#### Your goal
Of all the lines in the entries below, give again exactly those starting at the line containing "Ung stripete hunkatt, ganske" and ending at the line containing "TL718 Starting注:ATZ指令返回 ELM327", both ends included, and no others.

#### Provided records
= Beginning of Section =
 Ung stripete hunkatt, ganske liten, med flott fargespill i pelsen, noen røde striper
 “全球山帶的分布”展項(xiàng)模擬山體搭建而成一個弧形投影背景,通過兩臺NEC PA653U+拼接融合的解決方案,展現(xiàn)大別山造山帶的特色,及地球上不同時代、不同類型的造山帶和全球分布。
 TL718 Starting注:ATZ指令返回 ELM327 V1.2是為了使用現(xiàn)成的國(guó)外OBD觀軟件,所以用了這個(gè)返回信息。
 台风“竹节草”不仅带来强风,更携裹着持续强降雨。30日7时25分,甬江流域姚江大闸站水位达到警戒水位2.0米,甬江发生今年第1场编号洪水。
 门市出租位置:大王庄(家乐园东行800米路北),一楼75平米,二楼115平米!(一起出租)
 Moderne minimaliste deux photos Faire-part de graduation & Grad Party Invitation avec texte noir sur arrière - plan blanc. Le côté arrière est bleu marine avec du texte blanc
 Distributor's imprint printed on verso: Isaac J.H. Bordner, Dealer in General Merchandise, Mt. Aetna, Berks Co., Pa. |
= End of Section =
= Beginning of Section =
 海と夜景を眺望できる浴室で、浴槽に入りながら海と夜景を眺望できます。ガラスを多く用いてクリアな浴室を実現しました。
= End of Section =
#### Answer to this problem
 Ung stripete hunkatt, ganske liten, med flott fargespill i pelsen, noen røde striper
 “全球山帶的分布”展項(xiàng)模擬山體搭建而成一個弧形投影背景,通過兩臺NEC PA653U+拼接融合的解決方案,展現(xiàn)大別山造山帶的特色,及地球上不同時代、不同類型的造山帶和全球分布。
 TL718 Starting注:ATZ指令返回 ELM327 V1.2是為了使用現(xiàn)成的國(guó)外OBD觀軟件,所以用了這個(gè)返回信息。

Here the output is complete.